This custom is common to many tribes of the north. Among the
Shahonees and several other of the western population, those who
have lost one of their relatives manifest their grief by inflicting on
themselves mutilations and wounds. The mourning of an Indian for
the loss of a relative continues for at least six months. It generally
consists in neglecting his person, and painting his face black. A
widow will generally mourn the loss of her husband for a year. During
all this time she appears sincerely affected, never speaking to any
one unless she is forced to do so from necessity or propriety. She
always seeks solitude, and desires to remain alone, in order to
abandon herself more freely to her affliction. After her mourning is
over, she resumes her best garments, and paints herself as
coquettishly as possible, in order to find another husband.
The customs observed in the burial of the dead differ in different
tribes. The only observance common to them all is the singular one
of painting the corpses black. The Omahas swathe the bodies with
bandages made of skins, giving them the appearance of Egyptian
mummies. Thus enveloped they are placed in the branches of a tree,
with a wooden vase full of dried meat by their side, and which from
time to time is renewed. The Sioux bury their dead on the summit of
a hill or mountain, and plant on the tomb a cedar tree, which may be
seen from afar. When no natural elevation exists, they construct a
scaffolding two or three yards high.
The Chinooks, says the Abbé Dominech (from whose account of
Indian burial customs this description is chiefly derived), and some
other populations of Columbia and Oregon, have a more poetical
custom.
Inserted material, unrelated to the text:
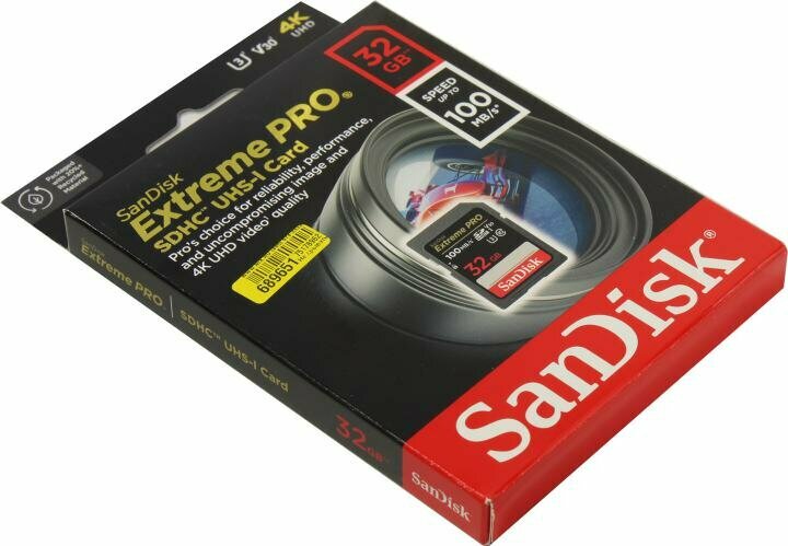 Карта памяти SanDisk SDHC 32GB Extreme Pro UHS-I U3 V30 100/90 МБ/с
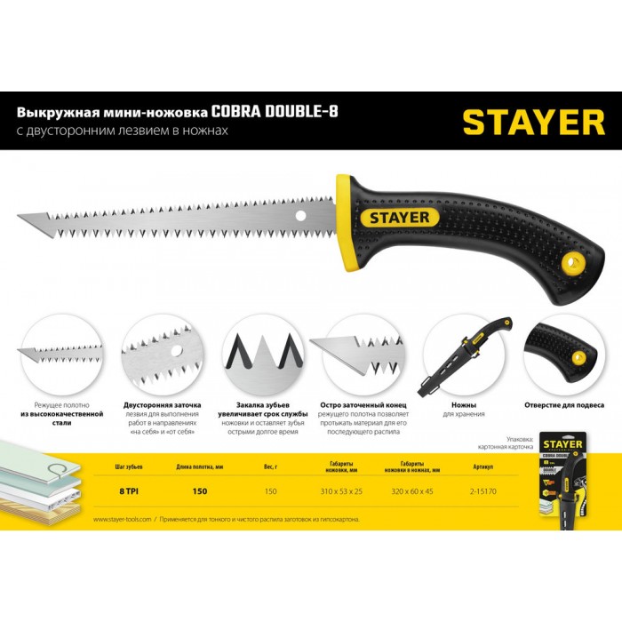 Ножовка мини выкружная по гипсокартону 150 мм Professional STAYER 2-15170_z01

They wrap the bodies of their dead in skins, bind their eyes,
put little shells in their nostrils, and dress them in their most beautiful
clothes; they then place them in a canoe, which is allowed to drift at
the pleasure of the winds and currents, on a lake, a river, or on the
Pacific Ocean.
When there is neither lake nor river nor sea near the village, the
funeral canoe is attached to the branches of the loftiest trees. These
aërial tombs are always so placed that the wild animals cannot reach
them; the favourite spots are solitary and wooded islands. These
sepulchral canoes are often moored in little bays, under shady trees
whose thick foliage overhang them like a protecting dome. There are
islands on the large rivers of Columbia where as many as twenty or
thirty of these canoes are attached to the cedars and birches on the
banks.
Not far from Columbia is a rock which serves as a cemetery for
the people of the neighbourhood. One perceives, on examining this
village of death, that the tribes of fishermen bestow the same
religious care on the dead as do the various tribes of hunters. In one
case, as in the other, the favourite objects he used while alive are
placed by his side in death. In Columbia, the oar and the net lie by
the fisherman in his funereal canoe; in the Great Prairies, the lance,
the bow and arrows, and often the war-horse, are buried in the grave
with the hunter. To the east as to the west of the Rocky Mountains,
the savages venerate, respect, and take care of their friends and
relatives even after death. The lamentations and prayers of the
survivors are heard each day at dawn and dusk wherever there are
tombs.
In New Mexico the whites have singularly modified the customs of
the Indians; what remains of their ancient practices bears the
impress at once of the superstitious character of the natives, and of
the habits of the Spaniards. Thus, the inhabitants of Pueblo de
Laguna, who are half Christians, half followers of Montezuma, wrap
the body of the deceased in his ordinary garments, lay him in a
narrow grave of little depth, and place bread and a vase of water
near him. They then throw huge stones upon him with such violence
as to break his bones, with the notion that any evil spirit remaining in
the carcase may be driven out in the process.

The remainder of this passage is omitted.